EXERCISE DIRECTIONS:
There are pictures in the records below; leave them out and set down exactly the lines from the one holding "Due to NetEase" through the one holding "- Moncler T-shirt".

(Recorded data)
----

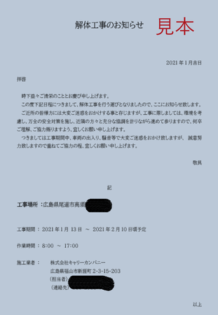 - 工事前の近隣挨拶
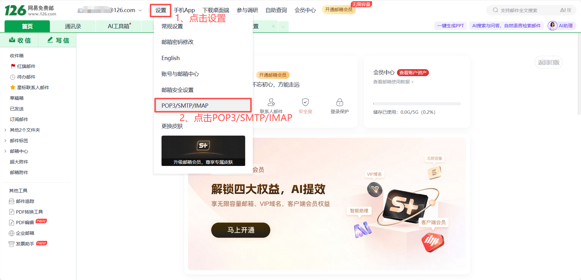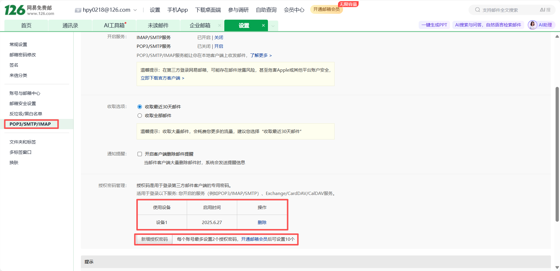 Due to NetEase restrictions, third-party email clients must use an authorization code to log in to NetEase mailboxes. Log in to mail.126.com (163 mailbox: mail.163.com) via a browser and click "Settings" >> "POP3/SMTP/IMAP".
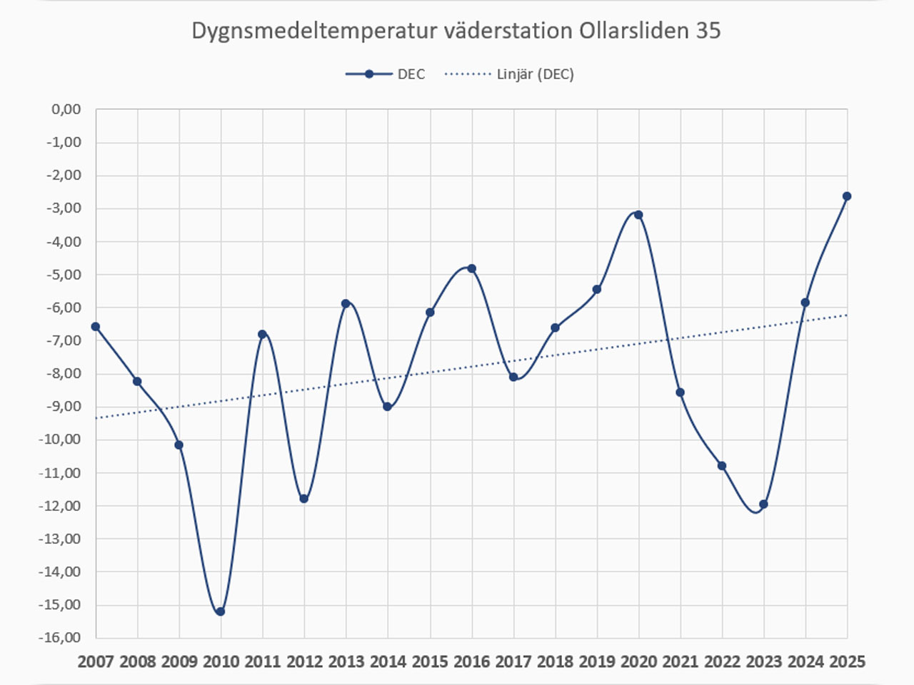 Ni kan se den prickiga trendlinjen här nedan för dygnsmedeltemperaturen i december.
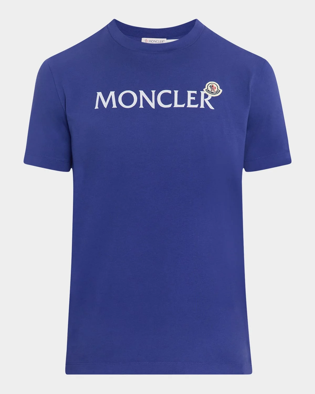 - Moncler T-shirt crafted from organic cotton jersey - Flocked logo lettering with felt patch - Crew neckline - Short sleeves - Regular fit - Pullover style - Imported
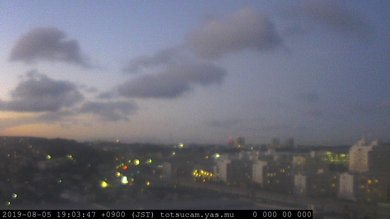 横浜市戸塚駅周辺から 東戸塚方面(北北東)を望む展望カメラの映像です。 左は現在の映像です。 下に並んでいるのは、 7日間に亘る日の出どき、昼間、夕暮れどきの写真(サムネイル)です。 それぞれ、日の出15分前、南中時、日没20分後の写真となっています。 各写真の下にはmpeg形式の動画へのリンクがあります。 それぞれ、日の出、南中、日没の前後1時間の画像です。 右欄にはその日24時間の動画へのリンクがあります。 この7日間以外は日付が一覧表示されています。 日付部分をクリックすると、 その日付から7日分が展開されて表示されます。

----

ANSWER SPACE:
 Due to NetEase restrictions, third-party email clients must use an authorization code to log in to NetEase mailboxes. Log in to mail.126.com (163 mailbox: mail.163.com) via a browser and click "Settings" >> "POP3/SMTP/IMAP".
 Ni kan se den prickiga trendlinjen här nedan för dygnsmedeltemperaturen i december.
 - Moncler T-shirt crafted from organic cotton jersey - Flocked logo lettering with felt patch - Crew neckline - Short sleeves - Regular fit - Pullover style - Imported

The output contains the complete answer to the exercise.